A soup-to-nuts approach.

That’s the hope anyway, although IBM isn’t alone in its efforts to rethink the way computers are built. HP has a different initiative aimed at creating chips that can process more data more power efficiently by changing the basic building blocks inside the chip. Other companies and labs are eyeing quantum computing and other far-fetched ideas (GigaOM Pro sub req’d). But IBM being IBM has both the money and the vision to bring an entirely new way of computing forward — in fact it has been laying the groundwork for years.

Remember these commercials where IBM can tell someone in corporate HQ where a single item is on a truck out in the middle of nowhere? These commercials are from 2005, and ever since IBM has been building the infrastructure in terms of its services business, its software and even with hardware designed to process massive amounts of information on the fly. Watson, the Jeopardy-playing computer is a wonderful example of how far IBM was willing to take the hardware. But most people there knew the hardware was never going to get to the place where IBM’s customers could not only locate one of thousands of trucks to tell it that it was lost, but to the point where the customers could measure everything about that truck from its speed to the temperature inside the containers it held and than send alerts based on those variables.
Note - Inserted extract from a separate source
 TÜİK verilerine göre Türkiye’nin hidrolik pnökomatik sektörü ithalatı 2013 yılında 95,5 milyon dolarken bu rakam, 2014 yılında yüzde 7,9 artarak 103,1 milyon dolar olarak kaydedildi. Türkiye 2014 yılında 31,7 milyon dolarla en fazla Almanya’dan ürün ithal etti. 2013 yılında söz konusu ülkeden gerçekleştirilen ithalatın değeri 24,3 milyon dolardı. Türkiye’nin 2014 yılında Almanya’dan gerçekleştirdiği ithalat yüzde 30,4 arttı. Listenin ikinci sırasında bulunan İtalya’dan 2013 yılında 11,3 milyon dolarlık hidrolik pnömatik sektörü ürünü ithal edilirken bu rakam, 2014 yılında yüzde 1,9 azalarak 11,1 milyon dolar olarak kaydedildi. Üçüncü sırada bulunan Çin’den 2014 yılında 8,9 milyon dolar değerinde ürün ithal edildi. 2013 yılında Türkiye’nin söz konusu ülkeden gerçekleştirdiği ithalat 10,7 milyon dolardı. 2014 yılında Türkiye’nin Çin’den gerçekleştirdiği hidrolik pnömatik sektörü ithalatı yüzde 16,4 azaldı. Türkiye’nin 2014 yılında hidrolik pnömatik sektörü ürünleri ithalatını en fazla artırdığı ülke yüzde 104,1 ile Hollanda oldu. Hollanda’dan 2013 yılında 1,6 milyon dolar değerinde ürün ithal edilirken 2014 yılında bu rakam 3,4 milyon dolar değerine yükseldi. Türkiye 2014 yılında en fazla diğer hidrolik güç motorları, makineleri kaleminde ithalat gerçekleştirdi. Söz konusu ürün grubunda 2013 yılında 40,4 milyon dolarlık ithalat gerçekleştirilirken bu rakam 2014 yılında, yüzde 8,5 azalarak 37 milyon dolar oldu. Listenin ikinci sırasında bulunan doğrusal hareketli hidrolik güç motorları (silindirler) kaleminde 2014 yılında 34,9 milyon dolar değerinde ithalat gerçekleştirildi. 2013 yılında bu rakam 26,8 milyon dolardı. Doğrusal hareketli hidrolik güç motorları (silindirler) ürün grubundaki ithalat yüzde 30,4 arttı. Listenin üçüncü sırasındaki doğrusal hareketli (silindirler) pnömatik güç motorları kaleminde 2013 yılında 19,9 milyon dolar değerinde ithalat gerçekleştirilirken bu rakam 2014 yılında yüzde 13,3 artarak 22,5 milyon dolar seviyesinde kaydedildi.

And the system could do all this while consuming a kilowatt of power and in a box the size of a shoebox.

Using brainpower to solve architecture problems.
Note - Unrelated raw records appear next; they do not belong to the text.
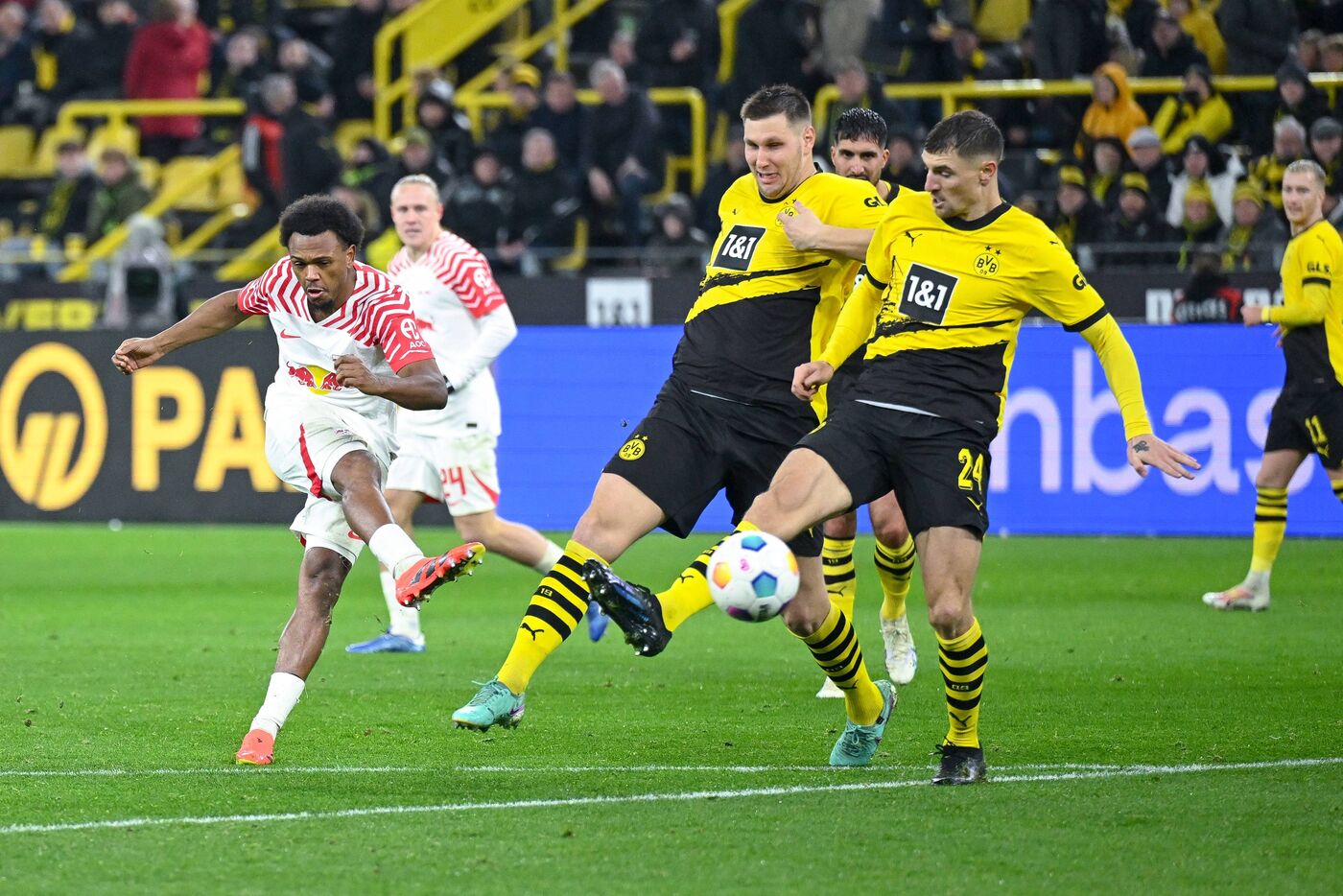 Dieser Platzverweis hinterließ sichtbare Wirkung. Leipzig erhöhte umgehend das Tempo und kam durch Simakan (19.) und Haidara (21.) zu ersten Chancen. Das schnelle Kombinationsspiel brachte die Dortmunder Abwehr auch in den folgenden Minuten gehörig ins Wanken. Weil es dem BVB in Unterzahl zunächst nicht gelang, mit Offensivaktionen für Entlastung zu sorgen, nahm der Druck stetig zu. Der Rückstand schien nur eine Frage der Zeit. Es passte ins Bild der kriselnden Borussia, dass er durch ein Eigentor zustande kam. Nach Ecke des Leipzigers David Raum köpfte Bensebaini den Ball ins eigene Tor.
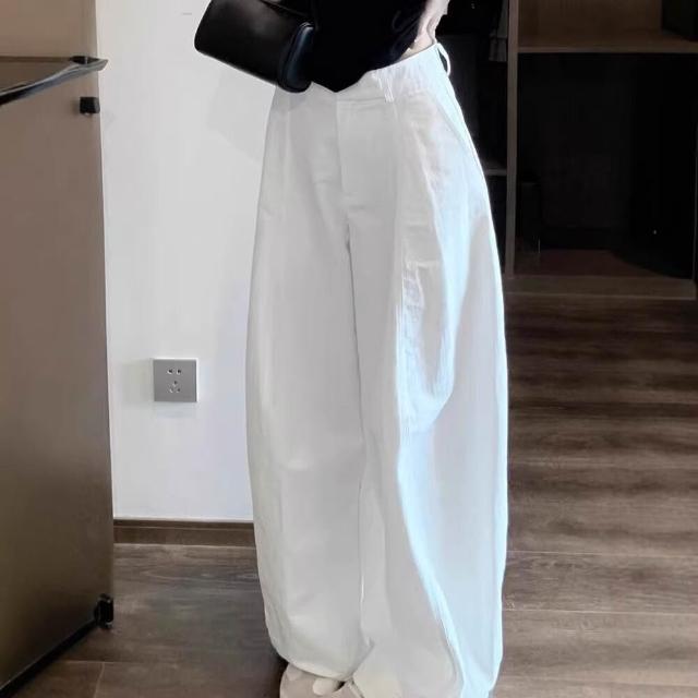 chao級推薦!極簡白色彎刀休閑褲女春夏新款寬松直筒闊腿燈籠褲
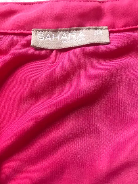 Blusa color rosa. Blusa en talla mediana sin mangas, larga, doble tela, marca Sahara.

A cognitive computer playing Pong.

Today’s chips run into a problem called the Von Neumann bottleneck, which is when the chip cannot feed the data in the memory to the processing core fast enough. Without the data the chip idles and the incredible clock speeds we’ve built into chips are somewhat wasted. The neurosynaptic chip throws that model away and relies instead on tracking relationships between events and determining if those events lead to action. When the “neurons” on the chip fire, it sets of a binary response that the processors in each neuron evaluate. When enough feedback comes from that neuron or neurons nearby the system then “understands” where that information fits in, and the chip can make a decision to react to that series of stimuli. Fundamentally, this chip learns.
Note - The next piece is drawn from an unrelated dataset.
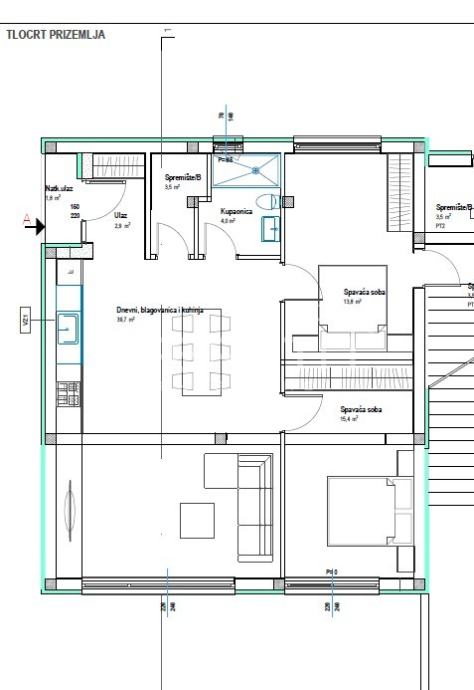 Na prvoj etaži nalazi se prostrani dnevni boravak u otvorenom konceptu s kuhinjom i blagovaonicom, te jedna kupaonica s WC-om. Gornja etaža, namijenjena odmoru, sadrži tri spavaće sobe i dvije kupaonice s WC-om, od kojih jedna pripada glavnoj, "master" spavaćoj sobi.
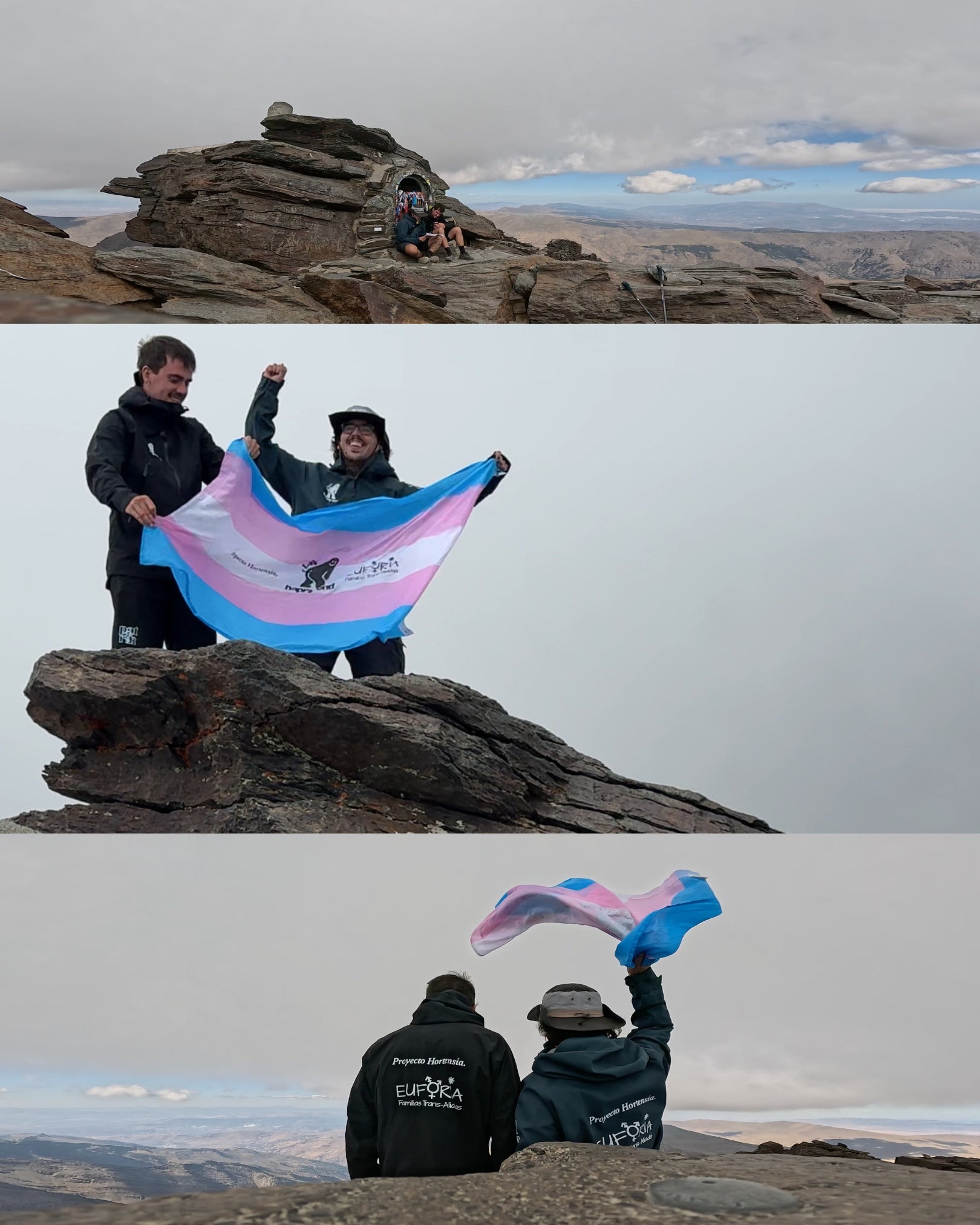 Vam fer l’acció del 8 al 14 de setembre. Hi vaig anar amb un altre noi trans, en Patrik Gilmartin, que vaig conèixer en una estada de famílies trans de l’Entitat Euforia Familias Trans, que també ha donar suport a aquest projecte. Viu a Benasc i és alpinista. Tots dos tenim històries positives: les nostres famílies ens estimen tal com som i podem viure amb llibertat. Això ens va unir molt, i també l’amor per la muntanya. Vam decidir fer cims per explicar la nostra història de superació amb un final feliç, perquè massa sovint la transsexualitat es tracta des d’un prisma trist i dramàtic i aquesta no es la nostra historia, encara que sabem que això encara pasa molt.

Dharmendra Modha, project leader for IBM Research, explains that most programmers write code that delivers a lot of instructions to the processor followed by a few if/then statements that describe actions. The neurosynaptic chip doesn’t need those if/then statements because it’s making those correlations itself based on how often it’s “neurons” fire off ones or zeros. This means that IBM’s new chip requires a completely different type of programming (and that it’s suited to completely different types of jobs than today’s chips).

Cognitive Computing and why it matters.

IBM calls this new computing cognitive computing and the goal is to take today’s itty-bitty neurosynaptic chip, which can today play Pong or steer a toy race car around a track, and create a machine that can combine the equivalent of 10 billion neurons all in the size of a shoebox that consumes less than a kilowatt of power. Such a machine would be cable of doing much more, although perhaps one would need multiple machines to create Modha’s vision of a sensor network in every ocean tracking ambient temperature, water turbidity and other metrics to warn folks of an upcoming storm or tsunami. Today’s chip in addition to playing Pong, might be useful if attached to a door where it could “learn when to open the door to let the cat out,” suggested Modha.

“The goal is not to replace today’s computers. It’s to really take the road less traveled and build new generation of computers with a totally new approach to problems in business and science and government,” Modha says. “If today’s computers are left brained, rational and sequential then cognitive computing is intuitive and right-brained and slow, but the two together can become the future of our civilization’s computing stack.”

That’s a big vision, but IBM’s a big company and one that has managed to influence the course of computing before. For more on the science check out the video I shot last year with Modha in his newly built lab at IBM’s Alamaden Research Lab in California.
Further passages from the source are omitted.